Through focussing on its specific spaces, streets, and micro-geographies rather than trying to comprehend the city as a whole, the approach offered in this paper deliberately attempts to engage with the vitalism of the urban ‘everynight’, that is those mundane aspects of the presences and rhythms that co-produce it, rather than as a highly (over-) illuminated spectacle. The nocturnal praxis presented in this work is envisaged to feed into principles and practices for Dark Design and support dark infrastructures by generating empirical data as part of an evidence base that can inform decision making and, in turn, the design outcomes for urban places at night. To conclude, it is clear that further work needs to be done to examine how this ethnographic data can be translated into a set of criteria that supports the different access requirements of a diverse population living and working at night in an equitable manner.
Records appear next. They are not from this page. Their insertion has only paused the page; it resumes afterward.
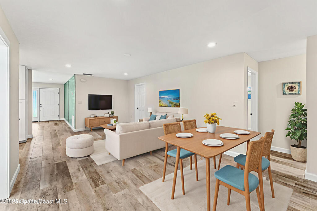 MOTIVATED SELLER! Just two blocks from the ocean, a fully renovated 5-bedroom, 2-bath pool home offering over 2,500 sq. ft. of bright, coastal-inspired living. Renovated between 2017-2020, this spacious retreat features a 2017 roof, stylish wood-look tile throughout the main areas, and soft carpet in select bedrooms. The open-concept, split-bedroom layout makes entertaining effortless while keeping day-to-day living comfortable. Outside, your private backyard oasis is ideal for swimming, sunbathing, or watching rocket launches light up the sky. Hurricane shutters add peace of mind, and a washer & dryer are included for convenience. Nestled in the heart of Satellite Beach, this home is just a short stroll to the beach, library, dog park, skate park, and more. With space, style, and an unbeatable location, this property truly checks every box!
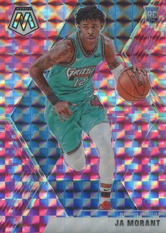 The Ja Morant 2019 Mosaic #219 Pink Camo Rookie card in Raw condition has moved down -$2.49 (-38.4%) in the last 30 days and was last sold for $3.99 .
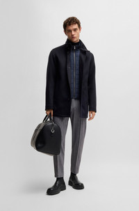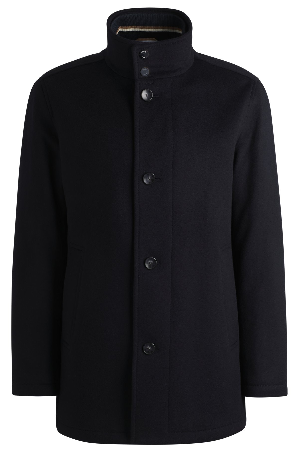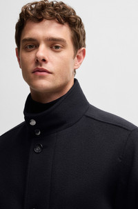 SIZE AND FIT The model wears a size 40R and is 6'2" tall with a, 37" chest, 31" waist and 37" hips. DETAILS H-Coxtan-234 - 50525750 A refined short coat with a stand collar by BOSS. This relaxed-fit style – in wool and cashmere – features a padded inner bib. Relaxed fit Stand collar Fully lined Short length Fit back length: 84 cm (33 inches) QUALITY & CARE INSTRUCTIONS Do Not Wash Do Not Tumble Dry Iron Low Heat Do Not Bleach Reduced Dry Clean Quality: 90% Virgin wool, 10% Cashmere, Lining: 100% Polyamid, Facing: 100% Polyester, Sleeve lining: 100% Polyester, Wadding: 95% Polyester, 5% Polyamid, body wadding: 100% Polyester
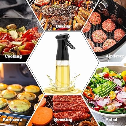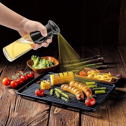 Generic - بخاخة زيت زجاج للمطبخ، موزع زيت قابل لإعادة الملء، متعدد الاستخدامات للطبخ والشواء والسلطة
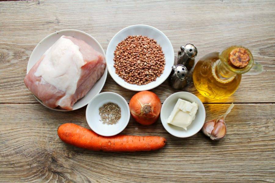 Подготовьте все необходимые ингредиенты для приготовления плова из гречки со свининой.
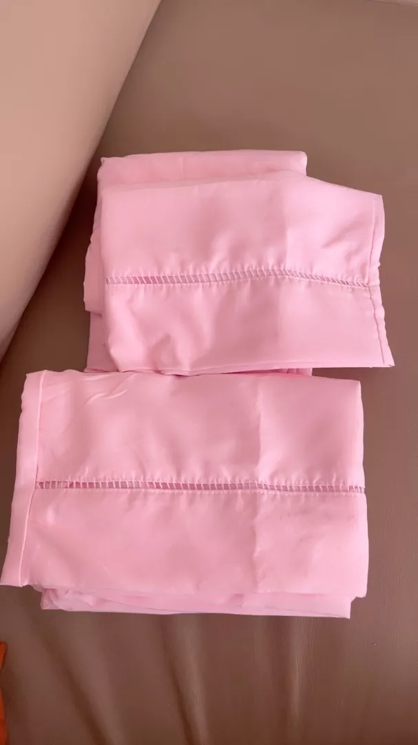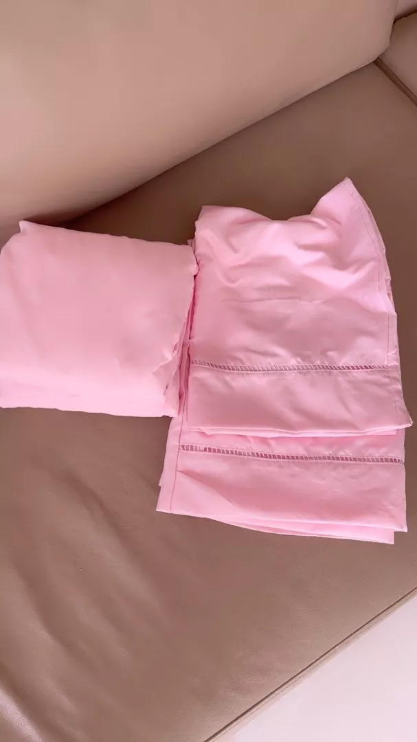 O lençol possui elástico em toda volta e as fronhas um lindo acabamento em PONTO PALITO
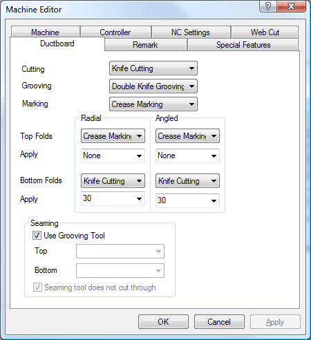 Seaming: This section lets you specify the default grooving tool to apply to the seam chamfers or the user can specify what tool, from the available tools in installed machines, to use when Cutting or Marking Seam Edges.
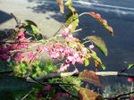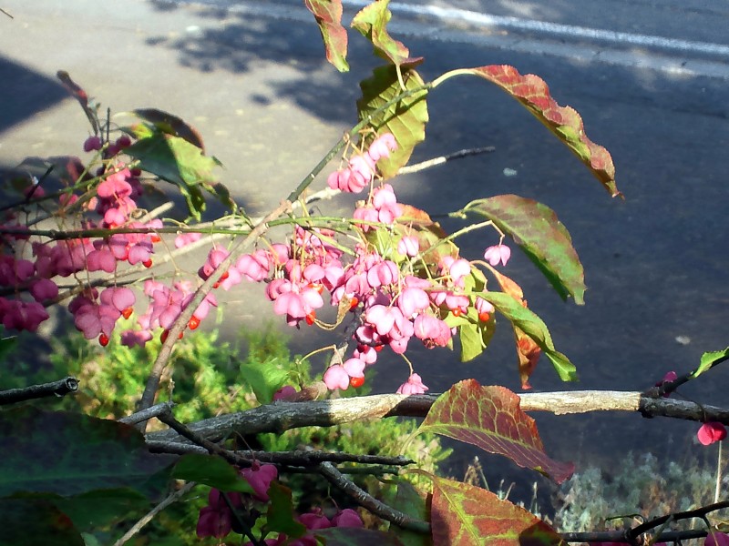 玄関前のマユミの木、ピンク色の実が日に日に色を変えています。
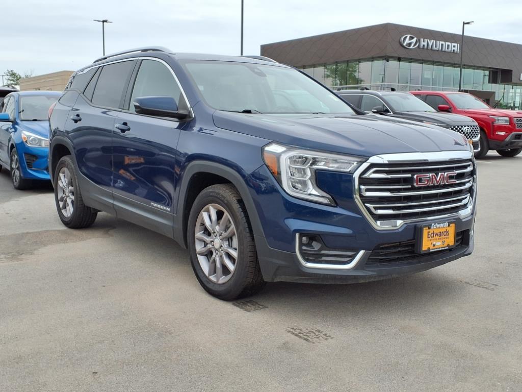 Edwards Peace of Mind Certified Warranty, Free Vehicle History Report, Edwards Certified Pre-owned 7 Year 100K Powertrain, AWD, Heated front seats, Heated steering wheel, Power door mirrors, Power Liftgate, Power passenger seat. 24/28 City/Highway MPG 2023 Terrain GMC SLT Marine Metallic Priced below KBB Fair Purchase Price! AWD 9-Speed Automatic 1.5L DOHC Odometer is 6392 miles below market average! 24/28 City/Highway MPG
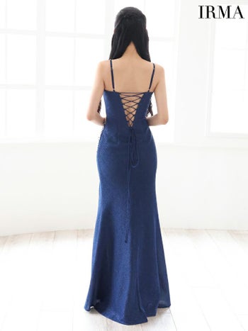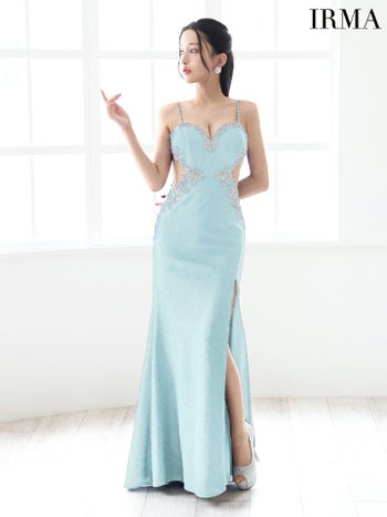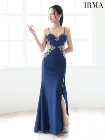 4. 【IRMA/イルマ】セクシー オープンバスト キャミソール くびれ透け ビジュー ラメニット スリット タイトロングドレス (51778)
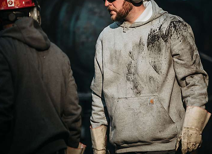 - Stretchable, elastane reinforced rib knit cuffs and waistband Carhartt label sewn on pocket
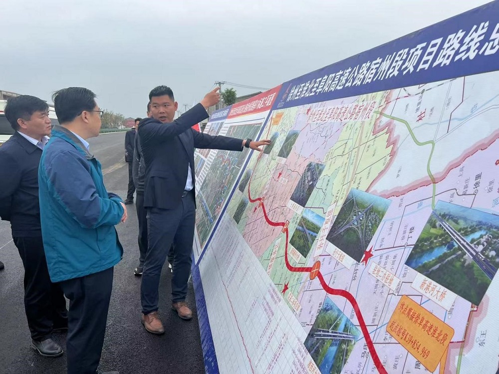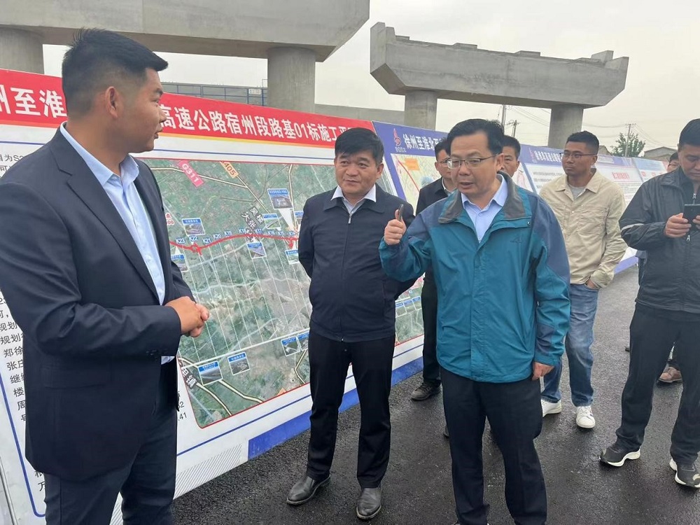 萧县县委书记罗圣权“五一”期间到建工投资徐淮阜高速公路宿州段项目调研
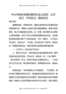 中小学校长在期末教师大会上讲话:认识自己,守住自己,稳住自己.docx
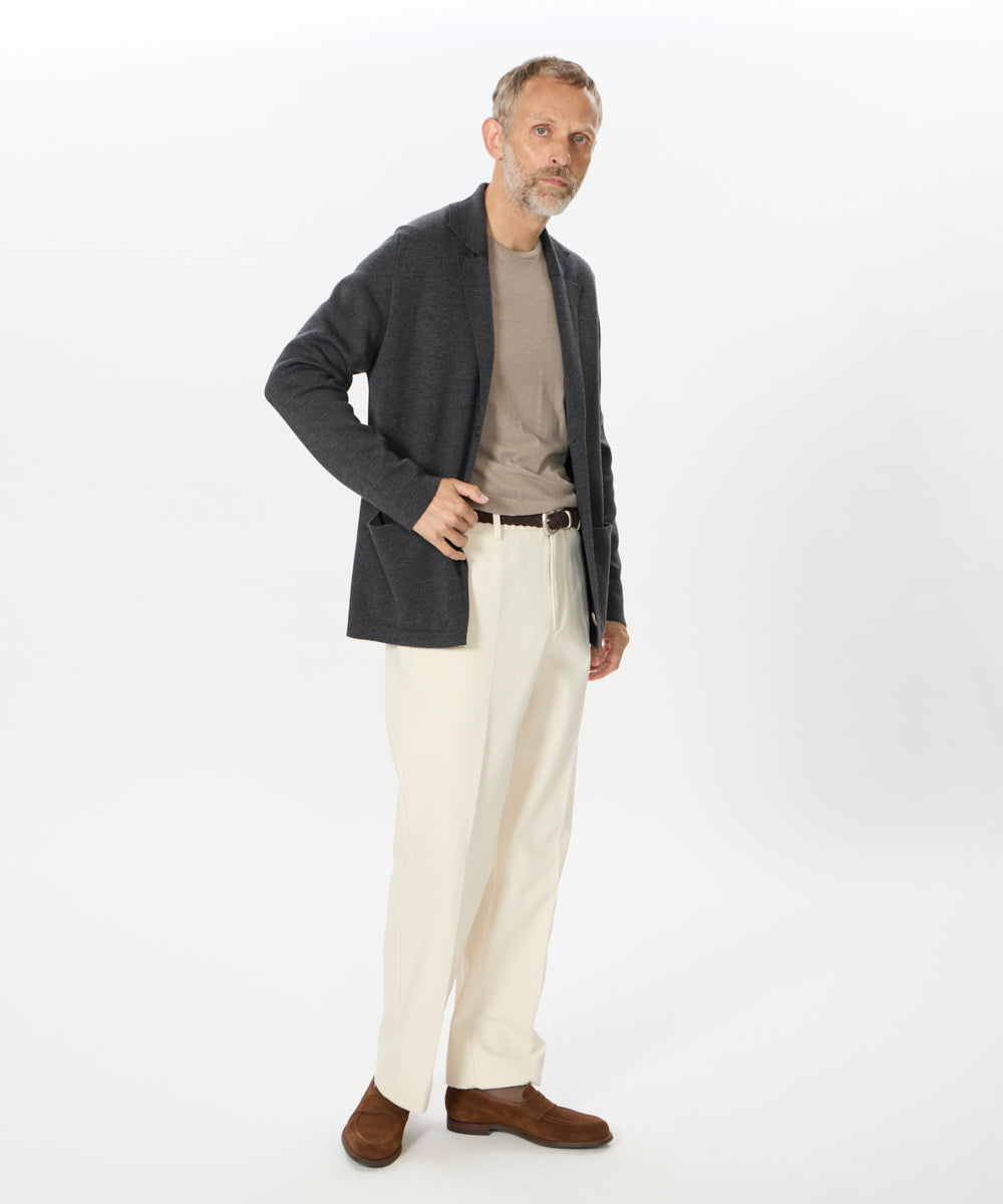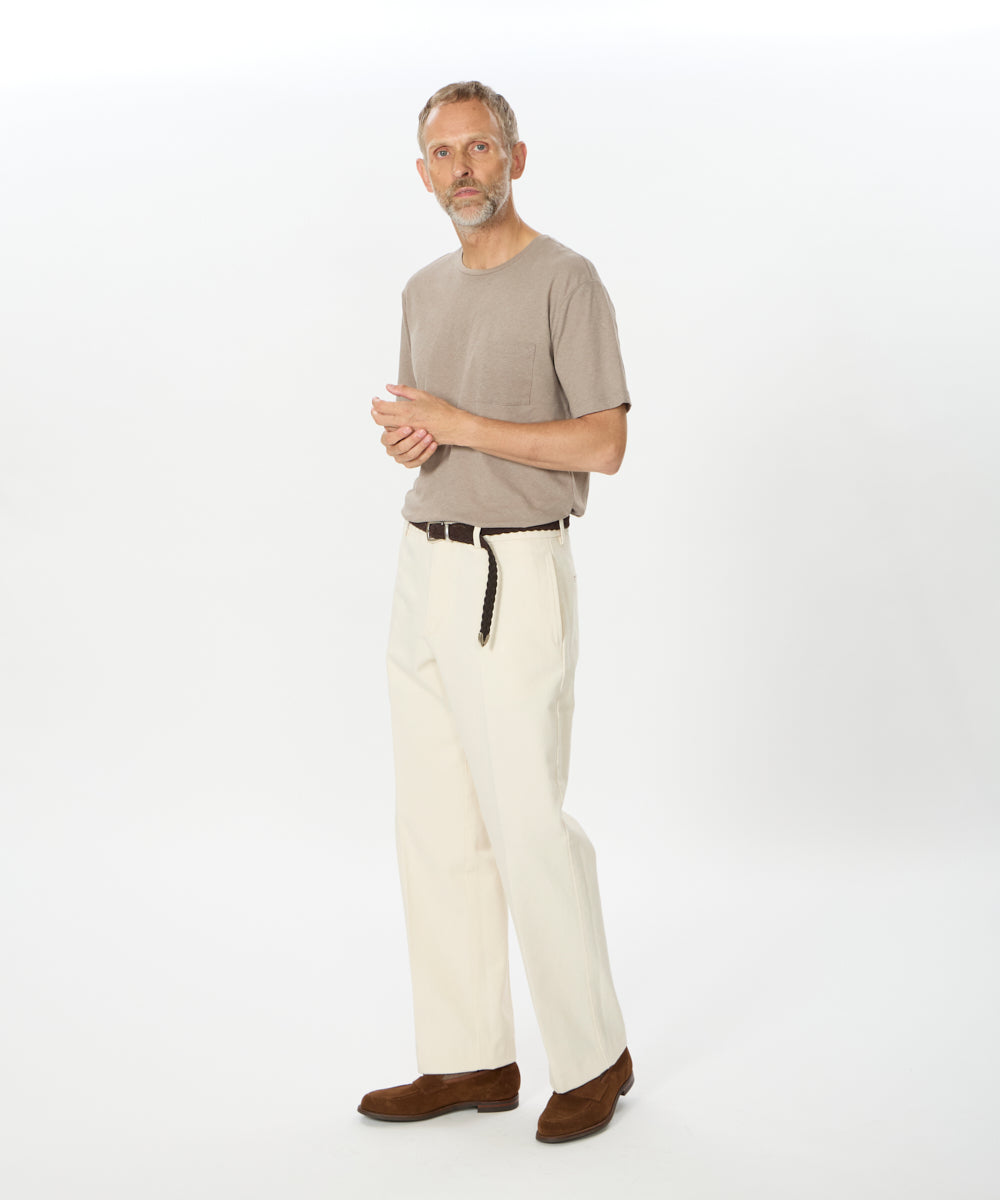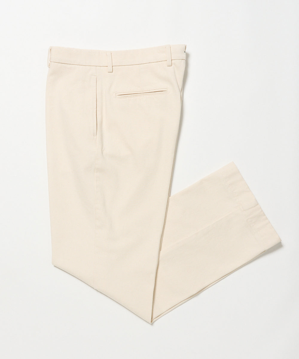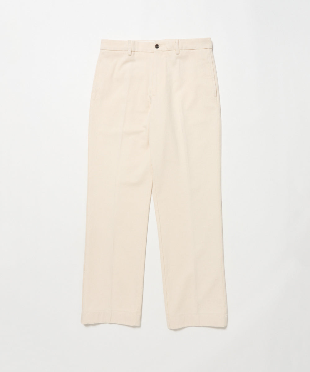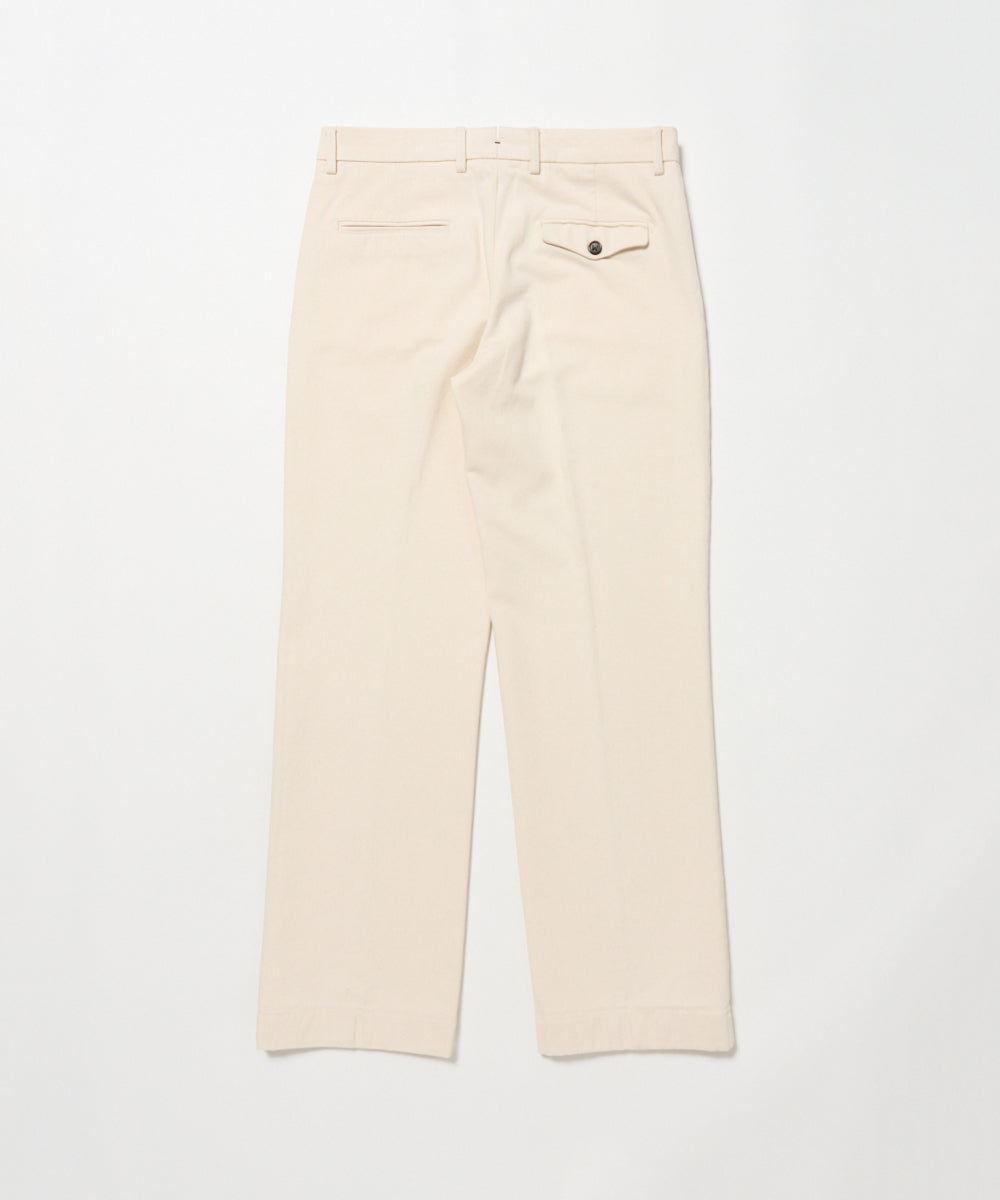 ディテールはウエスト周りがノープリーツ仕様。バックポケットは左右非対称で、左側がパイピングポケット、右側がフラップポケットになっており、実用性とデザイン性を兼ね備えています。裾は4cm幅で仕上げており、ダブル仕様での着用が可能。全体的にわたりから裾までストンと落ちるワイドストレートシルエットが特徴で、クラシックな中にもモード感を感じさせる1本です。

While this lies beyond the scope of this paper, it has shared its theoretical framing and methodology to demonstrate how existing darker nightscapes that usually reside outside of brightly lit city centres provide different people with various opportunities to support their activity and movement through the urban night. As light pollution now presents a global challenge, recognizing the diversity of interplay between light and dark is critical in moving towards an overall goal where its impacts on diverse human and non-human bodies can be tackled in a local and situated way. For this to be effective and enable us to rethink and redesign the urban night, we need new nocturnal imaginaries that are plural, diverse, and situated. Being able to account for the alternative knowledges and understandings of different relationships and values across the city after dark will support the production of nocturnal imaginaries that can shape the urban night and vice versa.